A decisão de Moraes da semana passada foi proferida em uma ação proposta pelo PSOL e pela Anis - Instituto de Bioética, em que afirmam que a resolução institui "tratamento discriminatório no acesso à saúde", indo na contramão das situações previstas em lei para a realização do aborto legal no Brasil— em caso de estupro, anencefalia do feto ou que envolva risco de vida à gestante.

Eles defendem que a norma é inconstitucional por dar margem incorrer em "violação grave do direito à saúde e de acesso universal e igualitário aos serviços".

Na opinião de Debora Diniz, fundadora da Anis, Instituto de Bioética, Direitos Humanos e Gênero, ainda que em caráter liminar, a decisão é muito acertada porque resolução do CFM provocava uma instabilidade no acesso aos serviços de aborto legal no país. "Ela é uma resolução que impede o melhor tratamento de saúde e a melhor ciência."
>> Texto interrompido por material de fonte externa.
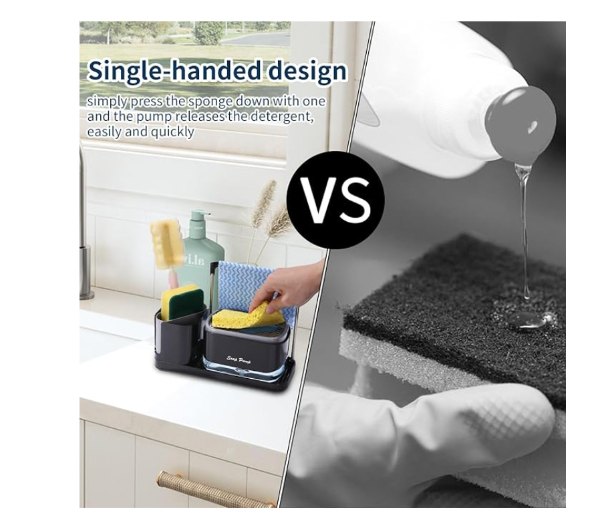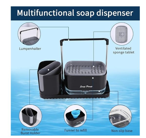 Duradero y seguro: soporte de esponja para dispensador de jabón hecho de material ABS y policarbonato de alta calidad, no se corroe ni se oxida fácilmente, es seguro, protege el medio ambiente y la salud.

Segundo Debora Diniz, o procedimento é considerado padrão ouro para o cuidado de mulheres e meninas que chegam aos serviços de aborto legal tardiamente. "Os casos são muito dramáticos, de meninas em situação de violência em casa."

Caso o plenário do STF mantenha as decisões de Moraes, a suspensão será valida até o julgamento final da ação.